## Activity:
An exact transcription is needed of the lines below from the one with "چەند منداڵێک بە" through the one with "当前位置: 91家纺网 >", with no other lines and no pictures.

## Input for this task:
┄┄┄┄┄┄┄┄┄┄
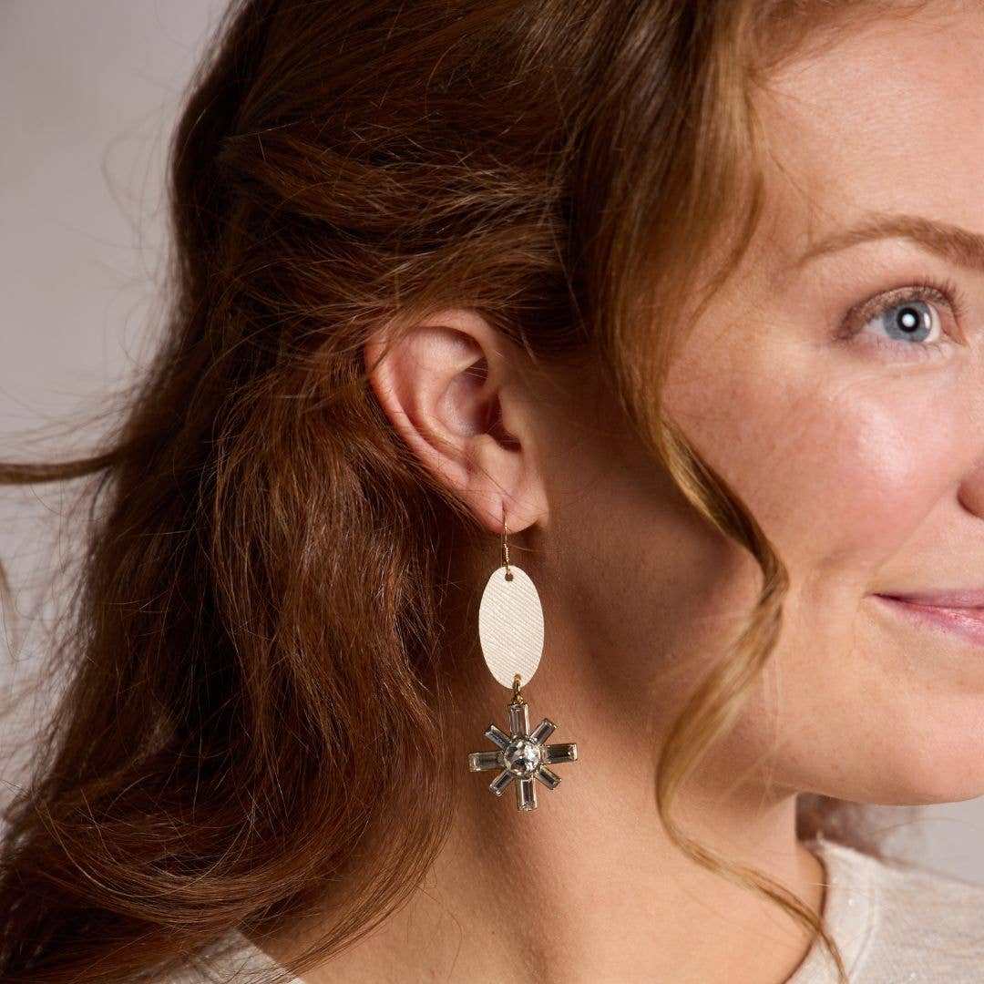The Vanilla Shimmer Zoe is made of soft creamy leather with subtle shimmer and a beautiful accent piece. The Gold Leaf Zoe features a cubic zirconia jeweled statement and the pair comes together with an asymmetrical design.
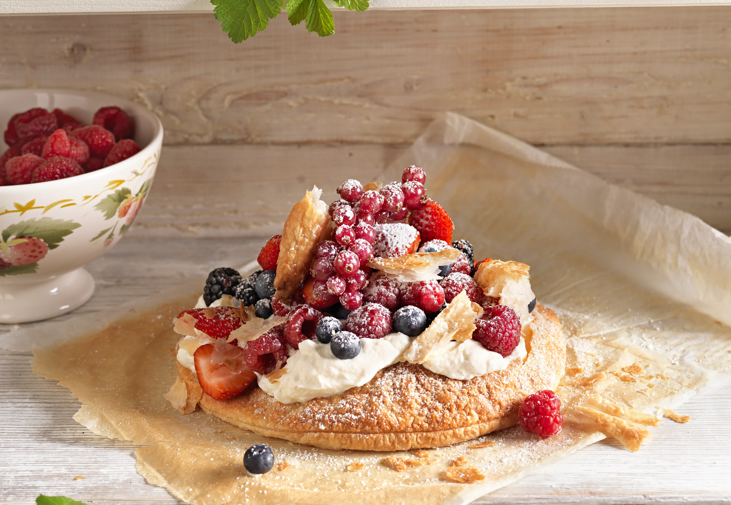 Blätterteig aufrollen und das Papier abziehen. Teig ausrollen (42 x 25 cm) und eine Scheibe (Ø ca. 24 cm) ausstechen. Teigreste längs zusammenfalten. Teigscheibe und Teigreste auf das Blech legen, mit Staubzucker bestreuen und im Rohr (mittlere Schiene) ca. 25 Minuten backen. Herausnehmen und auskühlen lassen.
┄┄┄┄┄┄┄┄┄┄
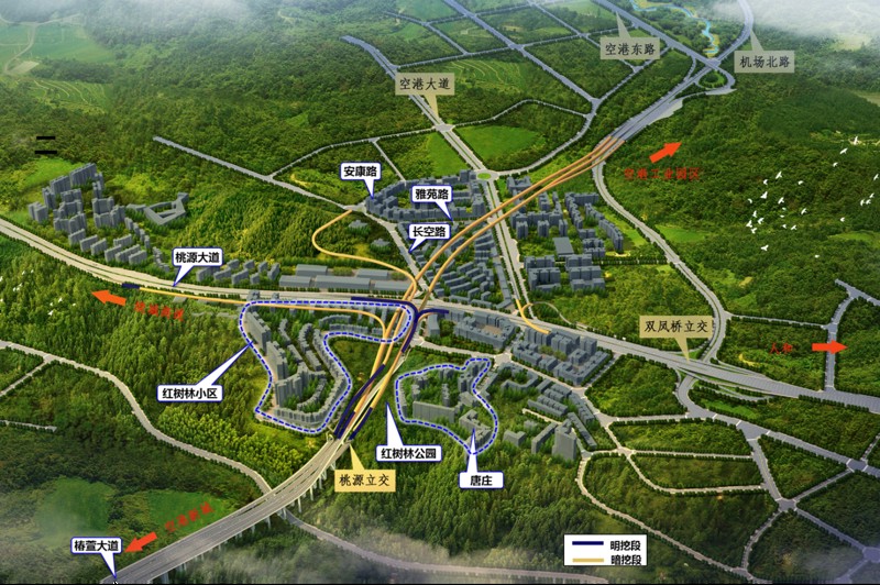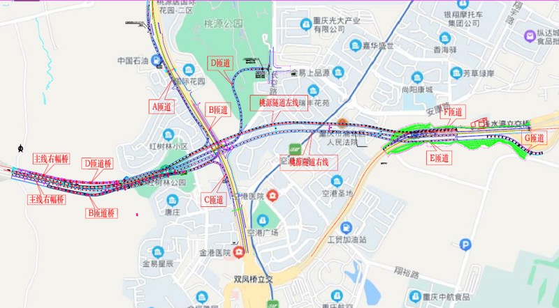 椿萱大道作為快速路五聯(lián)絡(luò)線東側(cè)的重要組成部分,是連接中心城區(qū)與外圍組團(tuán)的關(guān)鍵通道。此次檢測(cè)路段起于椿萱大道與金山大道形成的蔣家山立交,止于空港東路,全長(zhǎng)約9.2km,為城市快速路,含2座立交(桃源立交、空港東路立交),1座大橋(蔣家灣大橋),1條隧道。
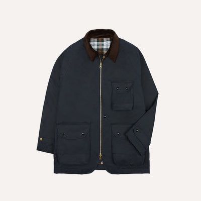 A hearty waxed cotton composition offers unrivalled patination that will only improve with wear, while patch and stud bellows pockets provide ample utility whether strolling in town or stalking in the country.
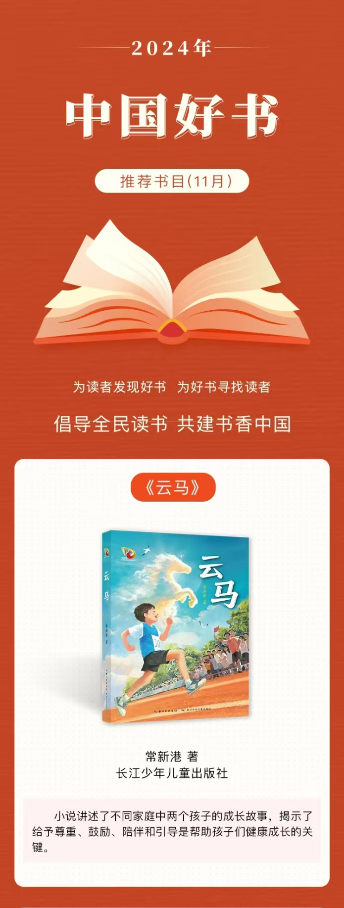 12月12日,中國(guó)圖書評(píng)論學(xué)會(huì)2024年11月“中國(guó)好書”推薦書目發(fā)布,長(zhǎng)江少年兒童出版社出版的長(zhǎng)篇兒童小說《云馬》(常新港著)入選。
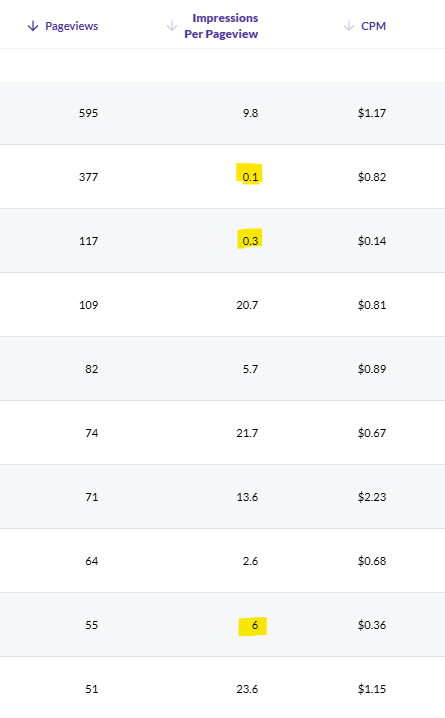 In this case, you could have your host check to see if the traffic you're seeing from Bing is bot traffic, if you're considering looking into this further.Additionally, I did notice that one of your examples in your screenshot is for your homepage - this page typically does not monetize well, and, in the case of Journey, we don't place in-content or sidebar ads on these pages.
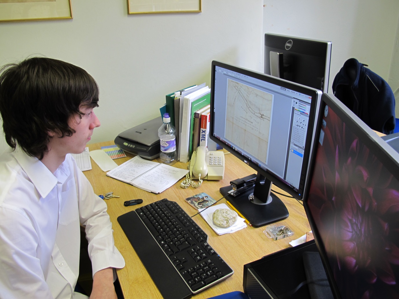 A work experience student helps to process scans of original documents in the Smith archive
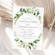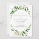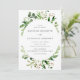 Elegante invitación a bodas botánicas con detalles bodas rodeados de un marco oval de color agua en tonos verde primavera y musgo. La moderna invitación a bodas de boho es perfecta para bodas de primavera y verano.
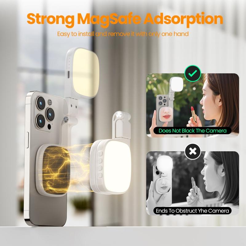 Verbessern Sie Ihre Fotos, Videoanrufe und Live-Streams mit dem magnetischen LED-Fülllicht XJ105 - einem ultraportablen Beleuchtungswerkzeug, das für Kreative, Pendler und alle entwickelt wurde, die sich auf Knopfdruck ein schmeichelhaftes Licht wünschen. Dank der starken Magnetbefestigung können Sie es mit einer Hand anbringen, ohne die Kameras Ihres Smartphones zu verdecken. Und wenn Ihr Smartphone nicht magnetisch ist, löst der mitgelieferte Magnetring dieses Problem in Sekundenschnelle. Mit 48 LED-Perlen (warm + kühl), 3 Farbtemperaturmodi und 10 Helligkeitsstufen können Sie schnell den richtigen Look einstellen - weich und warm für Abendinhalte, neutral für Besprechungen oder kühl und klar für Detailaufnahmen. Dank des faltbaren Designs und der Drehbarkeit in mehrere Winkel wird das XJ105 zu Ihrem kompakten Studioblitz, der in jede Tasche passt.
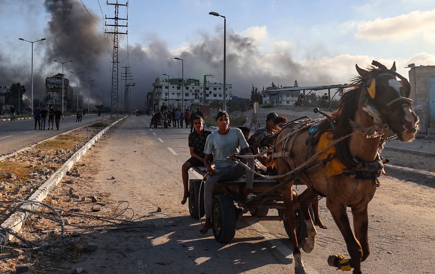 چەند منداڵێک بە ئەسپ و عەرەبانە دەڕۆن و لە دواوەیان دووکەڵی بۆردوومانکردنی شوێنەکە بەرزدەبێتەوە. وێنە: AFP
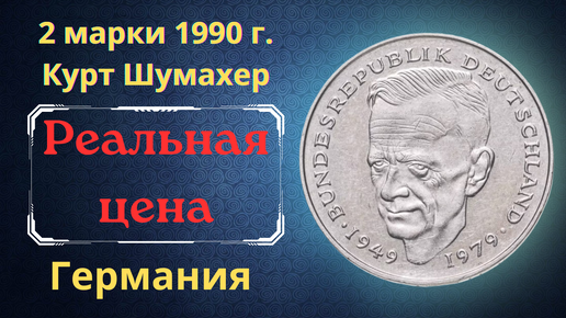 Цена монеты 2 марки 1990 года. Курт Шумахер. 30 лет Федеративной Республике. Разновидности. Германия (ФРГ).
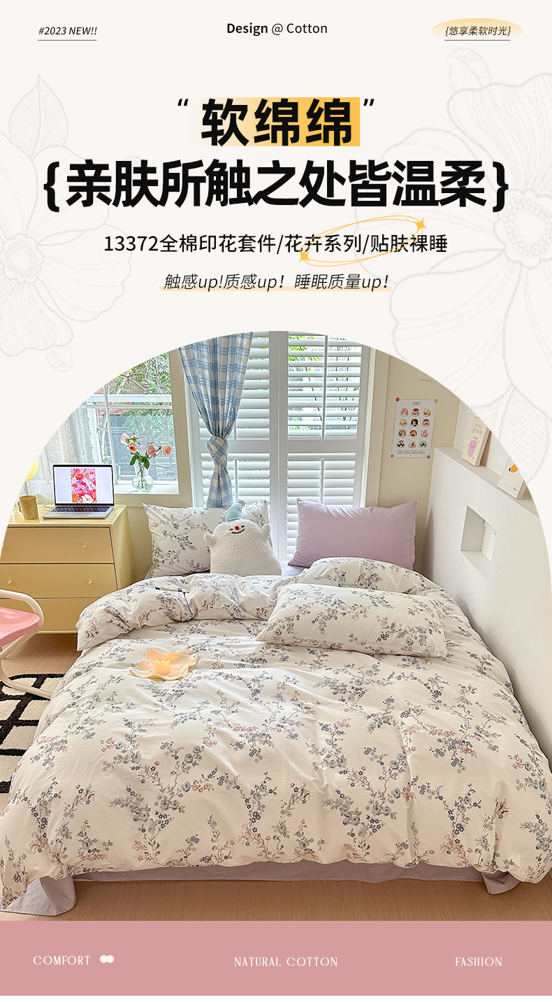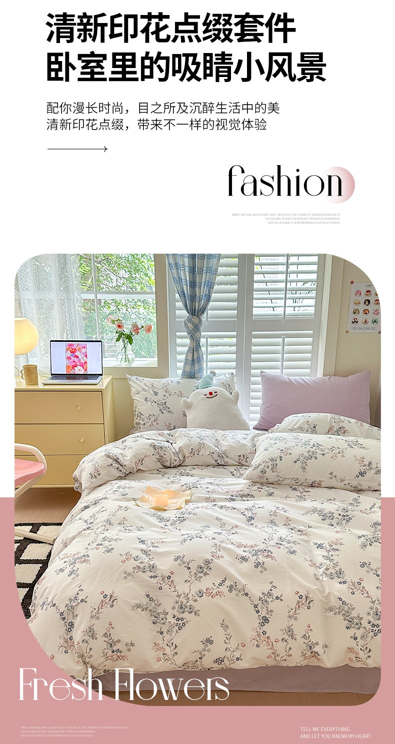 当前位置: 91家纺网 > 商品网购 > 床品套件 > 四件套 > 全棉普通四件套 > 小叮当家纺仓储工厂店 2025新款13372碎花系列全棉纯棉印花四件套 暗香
┄┄┄┄┄┄┄┄┄┄
## Response box:
 چەند منداڵێک بە ئەسپ و عەرەبانە دەڕۆن و لە دواوەیان دووکەڵی بۆردوومانکردنی شوێنەکە بەرزدەبێتەوە. وێنە: AFP
 Цена монеты 2 марки 1990 года. Курт Шумахер. 30 лет Федеративной Республике. Разновидности. Германия (ФРГ).
 当前位置: 91家纺网 > 商品网购 > 床品套件 > 四件套 > 全棉普通四件套 > 小叮当家纺仓储工厂店 2025新款13372碎花系列全棉纯棉印花四件套 暗香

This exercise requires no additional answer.